一 前言 相信大部分能看到这篇blog的人都听说过知乎吧?如果你没有听说过,那么链接在这里
知乎 作为一个知乎er,为了更加深入的理解“xxx 是一种什么体验”(的图片),为了践行 “技术改变生活”(实则有些wuliao) ,使用requsets 爬取知乎中最优价值的内容,本文本着探索的精神,写一段获取内容的python程序。
二 践行 - #!/usr/bin/env python
- #-*- coding:utf-8 -*-
- import re
- import requests
- import os
- from urlparse import urlsplit
- from os.path import basename
- def getHtml(url):
- session = requests.Session()
- # 模拟浏览器访问
- header = {
- 'User-Agent': "Mozilla/5.0 (Windows NT 6.3; WOW64) AppleWebKit/537.36 (KHTML, like Gecko) Chrome/45.0.2454.101 Safari/537.36",
- 'Accept-Encoding': 'gzip, deflate'}
- res = session.get(url, headers=header)
- if res.status_code == 200:
- content = res.content
- else:
- content = ''
- return content
-
- def mkdir(path):
- if not os.path.exists(path):
- print '新建文件夹:', path
- os.makedirs(path)
- return True
- else:
- print u"图片存放于:", os.getcwd() + os.sep + path
- return False
-
- def download_pic(img_lists, dir_name):
- print "一共有 {num} 张照片".format(num=len(img_lists))
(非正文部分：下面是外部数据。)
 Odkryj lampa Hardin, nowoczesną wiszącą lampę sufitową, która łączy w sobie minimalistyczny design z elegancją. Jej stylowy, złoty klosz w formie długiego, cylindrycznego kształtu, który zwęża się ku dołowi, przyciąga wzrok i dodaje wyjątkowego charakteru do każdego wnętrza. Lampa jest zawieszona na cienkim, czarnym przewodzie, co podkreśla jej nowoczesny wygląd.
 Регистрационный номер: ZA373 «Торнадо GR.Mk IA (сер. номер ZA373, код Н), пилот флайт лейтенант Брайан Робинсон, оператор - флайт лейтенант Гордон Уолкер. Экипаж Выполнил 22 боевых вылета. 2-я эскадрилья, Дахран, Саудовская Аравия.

- for image_url in img_lists:
- response = requests.get(image_url, stream=True)
- if response.status_code == 200:
- image = response.content
- else:
- continue
- file_name = dir_name + os.sep + basename(urlsplit(image_url)[2])
- try:
- with open(file_name, "wb") as picture:
- picture.write(image)
- except IOError:
- print("IO Error/n")
- return
- finally:
- picture.close
- print "下载 {pic_name} 完成!".format(pic_name=file_name)
-
- def getAllImg(html):
- # 利用正则表达式把源代码中的图片地址过滤出来
- #reg = r'data-actualsrc="(.*?)">'
- reg = r'https://pic/d.zhimg.com/[a-fA-F0-9]{5,32}_/w+.jpg'
- imgre = re.compile(reg, re.S)
- tmp_list = imgre.findall(html) # 表示在整个网页中过滤出所有图片的地址,放在imglist中
- # 清理掉头像和去重 获取data-original的内容
- tmp_list = list(set(tmp_list)) # 去重
- imglist = []
- for item in tmp_list:
- if item.endswith('r.jpg'):
- img_list.append(item)
- print 'num : %d' % (len(imglist))
- return imglist
-
-
- if __name__ == '__main__':
- question_id = 35990613
- zhihu_url = "https://www.zhihu.com/question/{qid}".format(qid=question_id)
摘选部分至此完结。